Dataset excerpts:

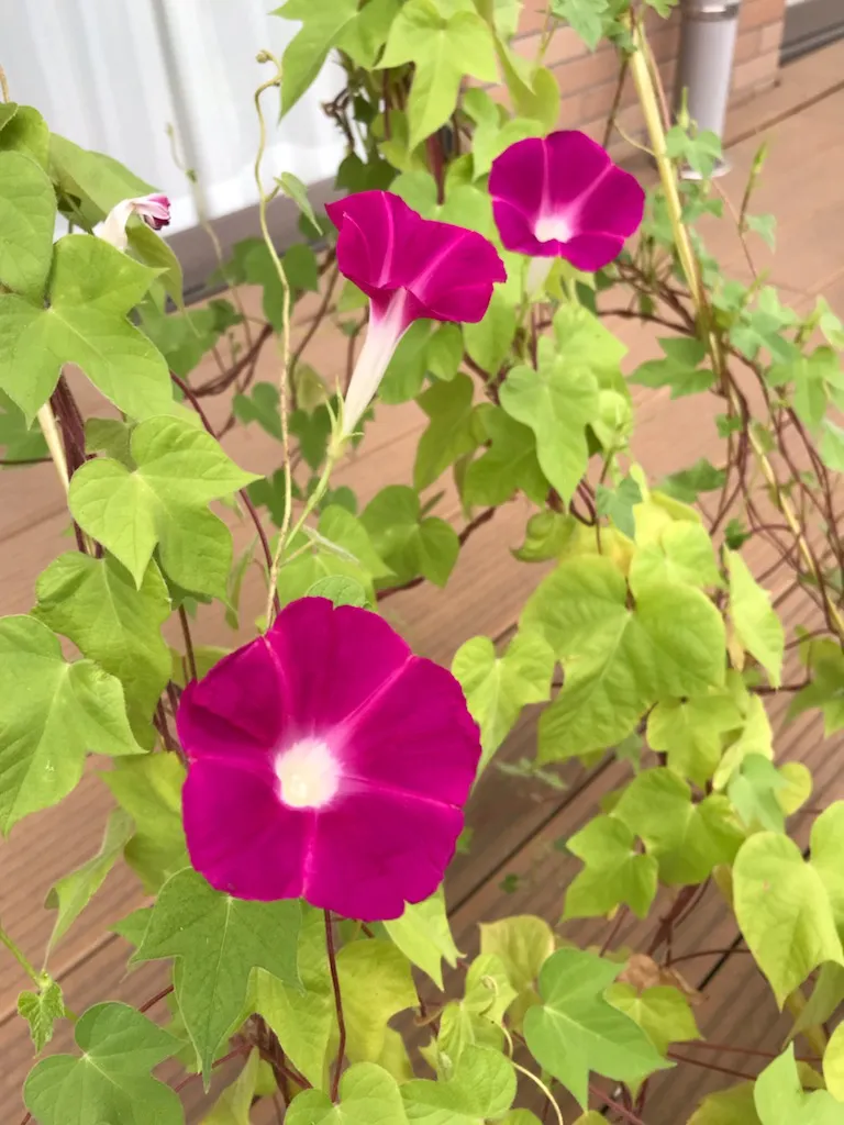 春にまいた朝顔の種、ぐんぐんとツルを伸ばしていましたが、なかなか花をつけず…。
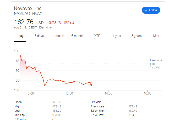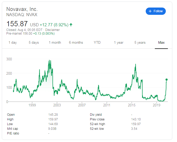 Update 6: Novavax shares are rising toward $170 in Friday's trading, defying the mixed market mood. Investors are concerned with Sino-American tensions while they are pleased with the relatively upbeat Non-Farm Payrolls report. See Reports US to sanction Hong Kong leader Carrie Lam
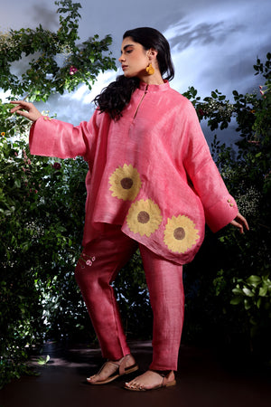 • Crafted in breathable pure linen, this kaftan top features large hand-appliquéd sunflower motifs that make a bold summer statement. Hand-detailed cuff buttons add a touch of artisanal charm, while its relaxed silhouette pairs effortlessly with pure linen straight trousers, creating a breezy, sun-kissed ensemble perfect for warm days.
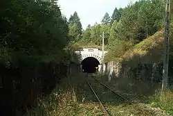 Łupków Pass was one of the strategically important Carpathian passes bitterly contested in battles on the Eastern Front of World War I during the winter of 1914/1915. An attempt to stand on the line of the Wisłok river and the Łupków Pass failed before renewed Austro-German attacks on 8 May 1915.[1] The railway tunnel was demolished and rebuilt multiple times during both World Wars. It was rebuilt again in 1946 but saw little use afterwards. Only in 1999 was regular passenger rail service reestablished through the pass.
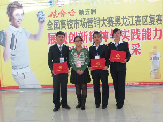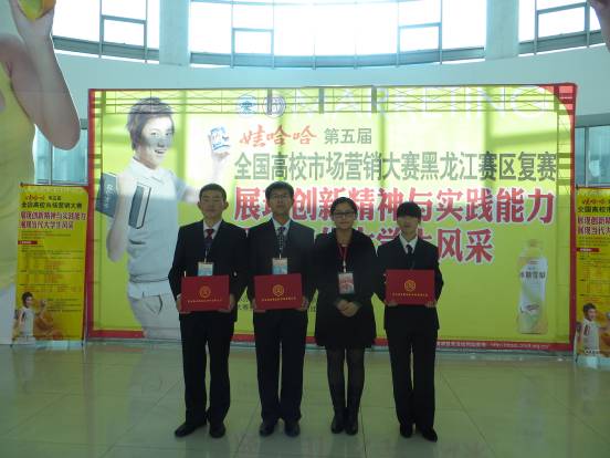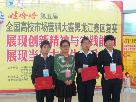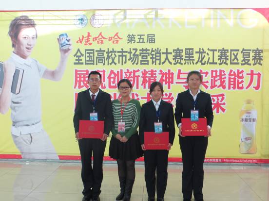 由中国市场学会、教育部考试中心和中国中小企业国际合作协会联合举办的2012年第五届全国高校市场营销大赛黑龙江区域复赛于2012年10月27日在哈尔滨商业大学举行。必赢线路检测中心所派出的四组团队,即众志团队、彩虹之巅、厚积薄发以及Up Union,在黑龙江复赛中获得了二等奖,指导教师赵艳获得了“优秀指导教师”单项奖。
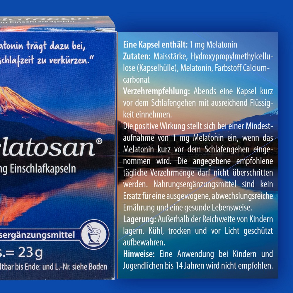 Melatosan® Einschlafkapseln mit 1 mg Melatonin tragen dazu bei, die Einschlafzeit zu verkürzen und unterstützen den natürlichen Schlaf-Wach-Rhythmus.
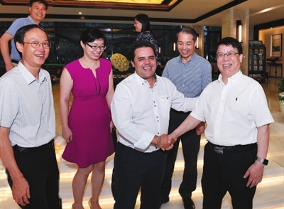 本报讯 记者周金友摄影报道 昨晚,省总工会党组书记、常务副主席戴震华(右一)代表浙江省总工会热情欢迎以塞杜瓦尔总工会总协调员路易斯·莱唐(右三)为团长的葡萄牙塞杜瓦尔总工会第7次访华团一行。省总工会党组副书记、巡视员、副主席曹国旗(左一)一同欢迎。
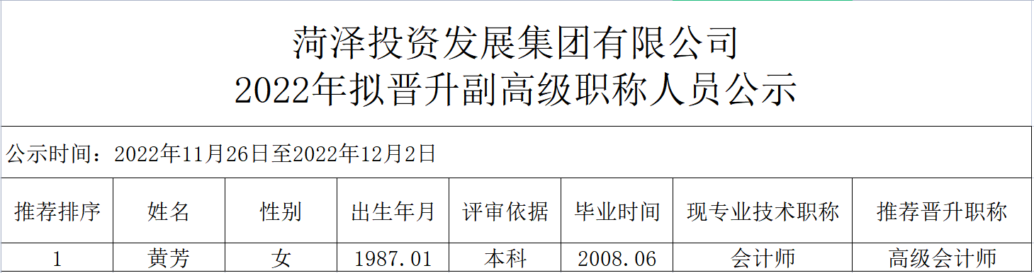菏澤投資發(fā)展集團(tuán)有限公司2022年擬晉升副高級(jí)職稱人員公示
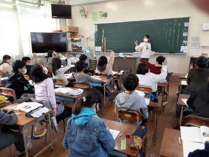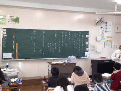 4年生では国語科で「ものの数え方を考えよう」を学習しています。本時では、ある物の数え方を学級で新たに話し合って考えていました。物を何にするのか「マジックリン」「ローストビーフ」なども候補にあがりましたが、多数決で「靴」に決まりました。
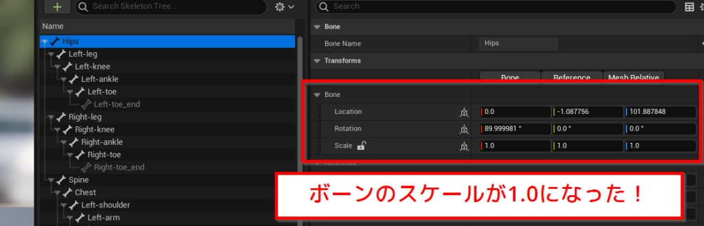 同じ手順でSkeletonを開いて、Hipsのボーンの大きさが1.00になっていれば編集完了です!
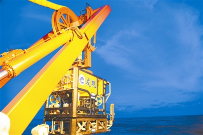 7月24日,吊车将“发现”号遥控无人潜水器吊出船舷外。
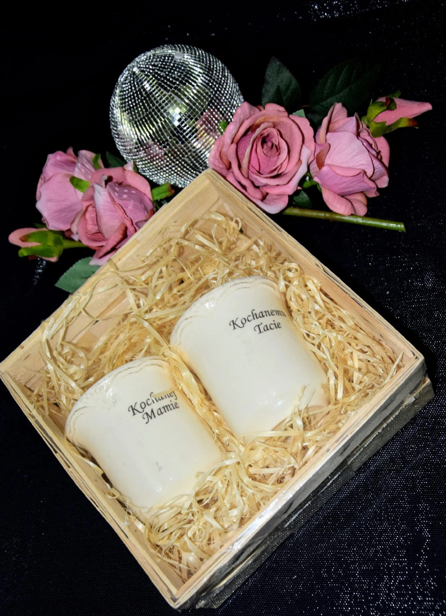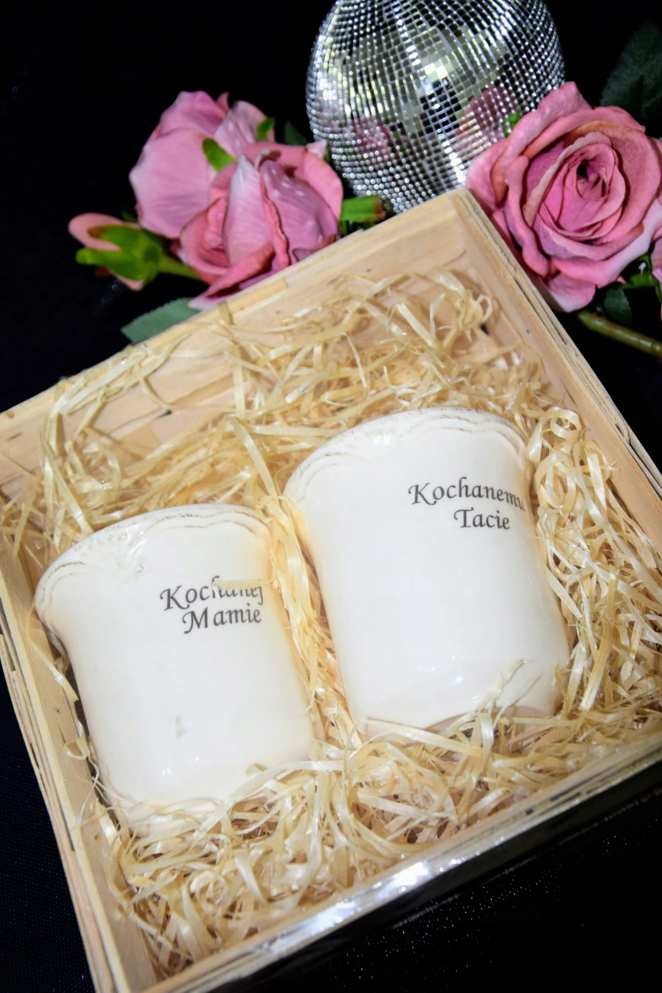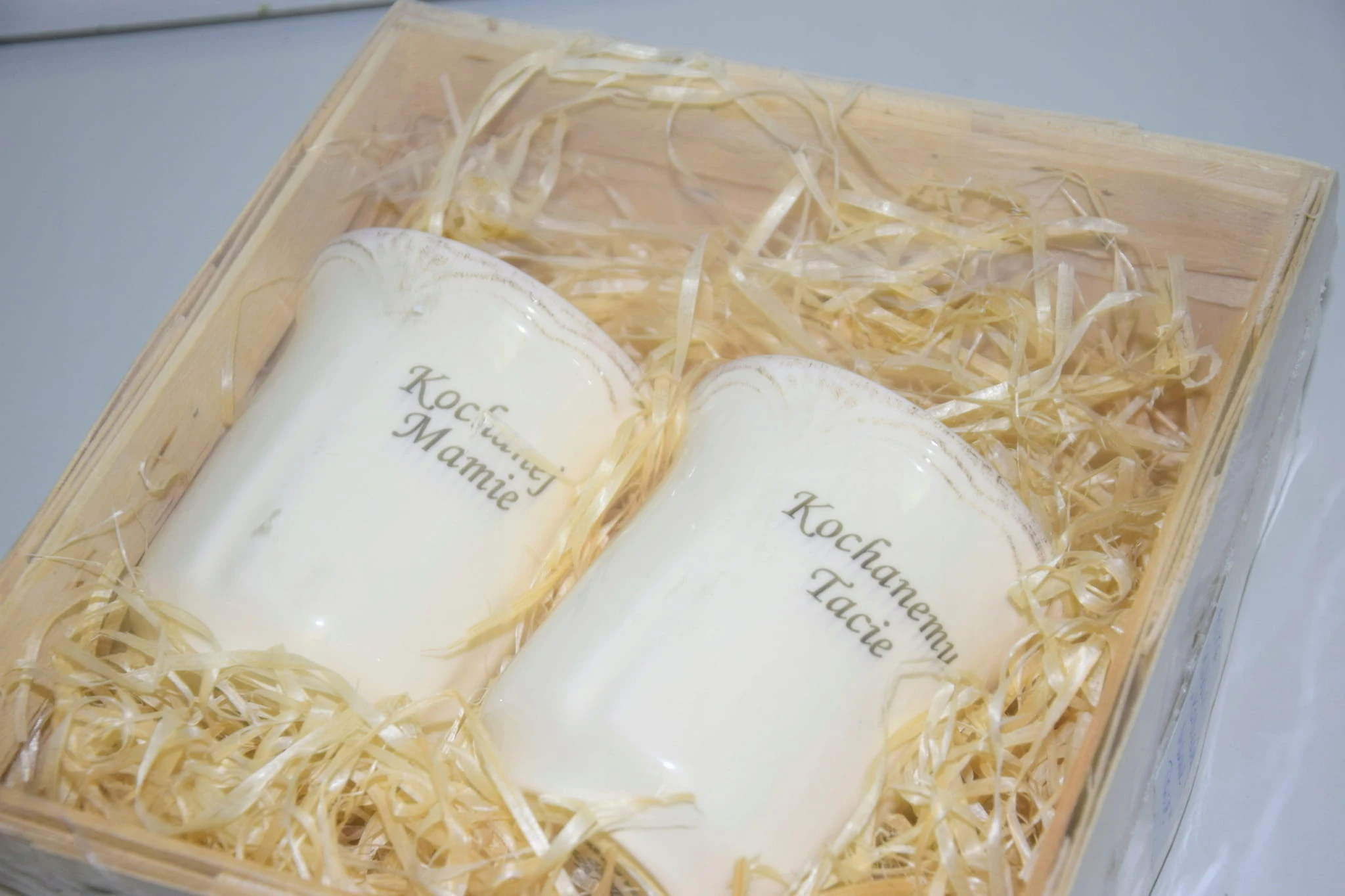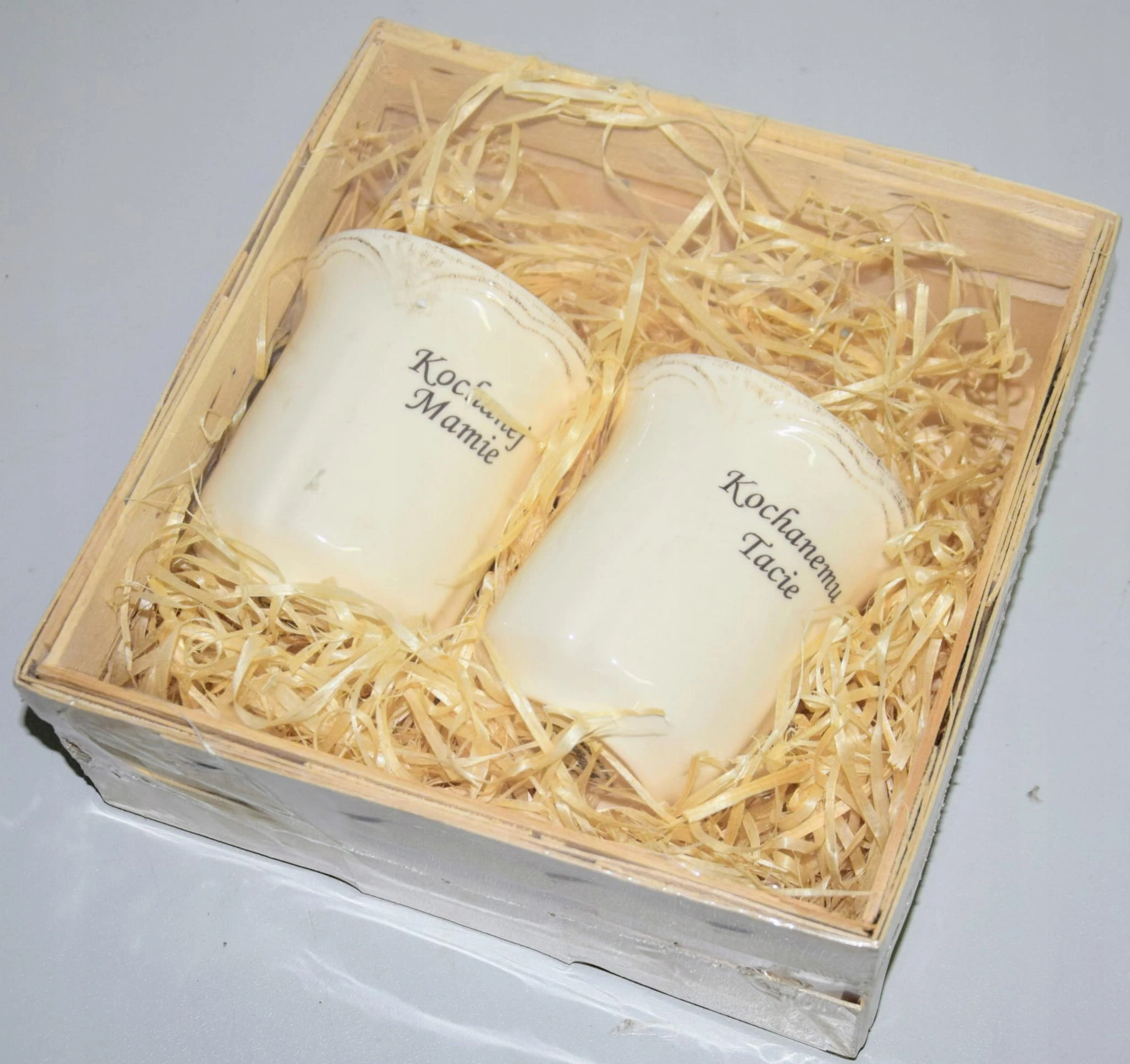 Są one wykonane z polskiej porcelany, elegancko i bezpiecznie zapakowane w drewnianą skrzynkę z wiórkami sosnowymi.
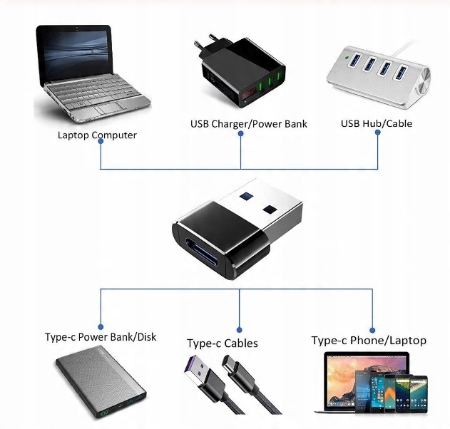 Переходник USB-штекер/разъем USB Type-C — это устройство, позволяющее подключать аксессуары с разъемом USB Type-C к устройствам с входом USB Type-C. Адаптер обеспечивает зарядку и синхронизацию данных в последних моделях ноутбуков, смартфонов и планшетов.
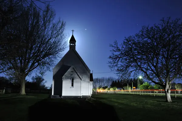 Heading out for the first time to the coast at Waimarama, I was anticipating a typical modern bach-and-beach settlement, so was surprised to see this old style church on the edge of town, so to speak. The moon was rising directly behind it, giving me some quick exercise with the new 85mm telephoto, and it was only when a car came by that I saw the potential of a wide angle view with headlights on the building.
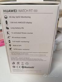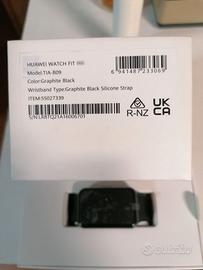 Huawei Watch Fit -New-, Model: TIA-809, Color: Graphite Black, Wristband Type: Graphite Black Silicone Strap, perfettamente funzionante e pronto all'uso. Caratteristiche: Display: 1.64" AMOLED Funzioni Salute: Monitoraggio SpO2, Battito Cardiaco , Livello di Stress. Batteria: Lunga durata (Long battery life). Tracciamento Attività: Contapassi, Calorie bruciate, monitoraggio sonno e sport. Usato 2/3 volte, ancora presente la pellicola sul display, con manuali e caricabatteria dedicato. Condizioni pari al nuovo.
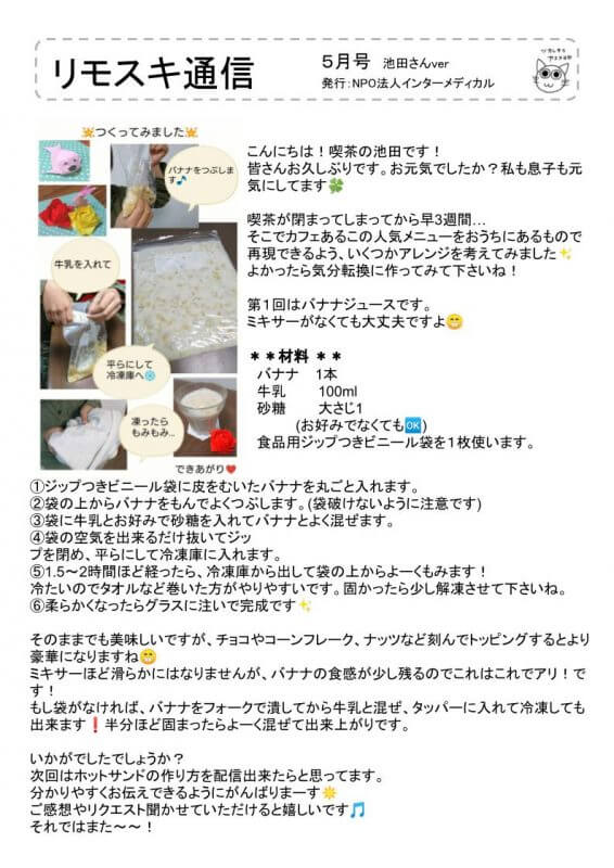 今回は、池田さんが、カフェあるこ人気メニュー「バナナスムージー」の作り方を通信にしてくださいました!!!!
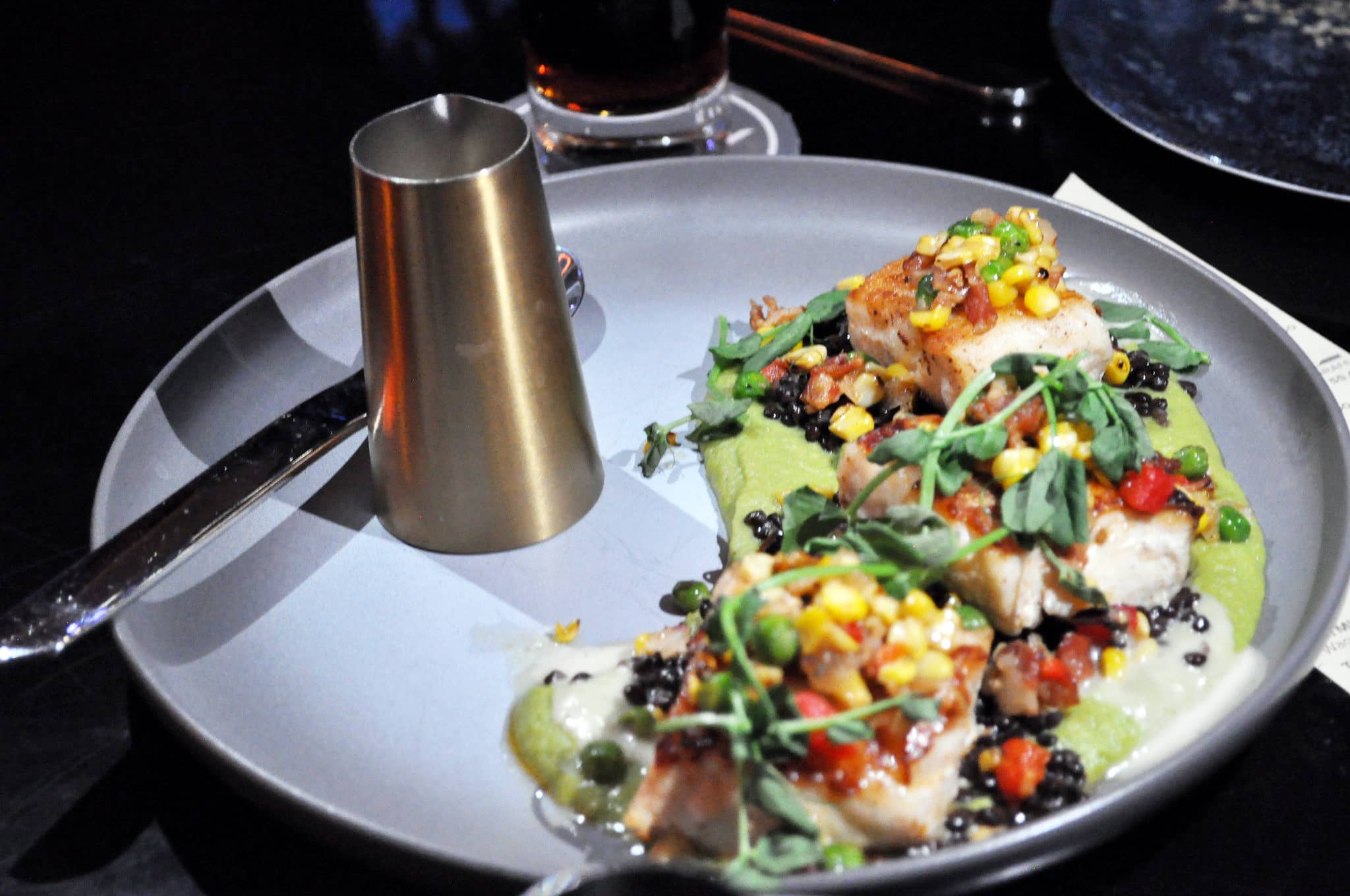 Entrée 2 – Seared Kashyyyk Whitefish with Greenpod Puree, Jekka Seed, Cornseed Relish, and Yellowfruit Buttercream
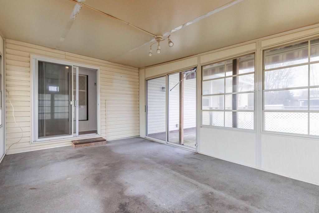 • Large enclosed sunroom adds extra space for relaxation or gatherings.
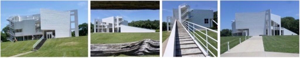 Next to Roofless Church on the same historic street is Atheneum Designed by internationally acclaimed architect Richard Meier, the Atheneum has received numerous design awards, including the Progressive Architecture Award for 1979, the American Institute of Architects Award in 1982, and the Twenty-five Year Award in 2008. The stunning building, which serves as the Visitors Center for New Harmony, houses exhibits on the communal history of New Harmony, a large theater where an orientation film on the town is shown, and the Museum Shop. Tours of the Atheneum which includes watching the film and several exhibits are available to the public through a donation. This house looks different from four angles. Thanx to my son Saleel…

What to produce: The response must repeat exactly the lines above from the one with "4年生では国語科で「ものの数" through the one with "Переходник USB-штекер/разъем USB", including both, and must contain no pictures and no other text.

Expected answer:
 4年生では国語科で「ものの数え方を考えよう」を学習しています。本時では、ある物の数え方を学級で新たに話し合って考えていました。物を何にするのか「マジックリン」「ローストビーフ」なども候補にあがりましたが、多数決で「靴」に決まりました。
 同じ手順でSkeletonを開いて、Hipsのボーンの大きさが1.00になっていれば編集完了です!
 7月24日,吊车将“发现”号遥控无人潜水器吊出船舷外。
 Są one wykonane z polskiej porcelany, elegancko i bezpiecznie zapakowane w drewnianą skrzynkę z wiórkami sosnowymi.
 Переходник USB-штекер/разъем USB Type-C — это устройство, позволяющее подключать аксессуары с разъемом USB Type-C к устройствам с входом USB Type-C. Адаптер обеспечивает зарядку и синхронизацию данных в последних моделях ноутбуков, смартфонов и планшетов.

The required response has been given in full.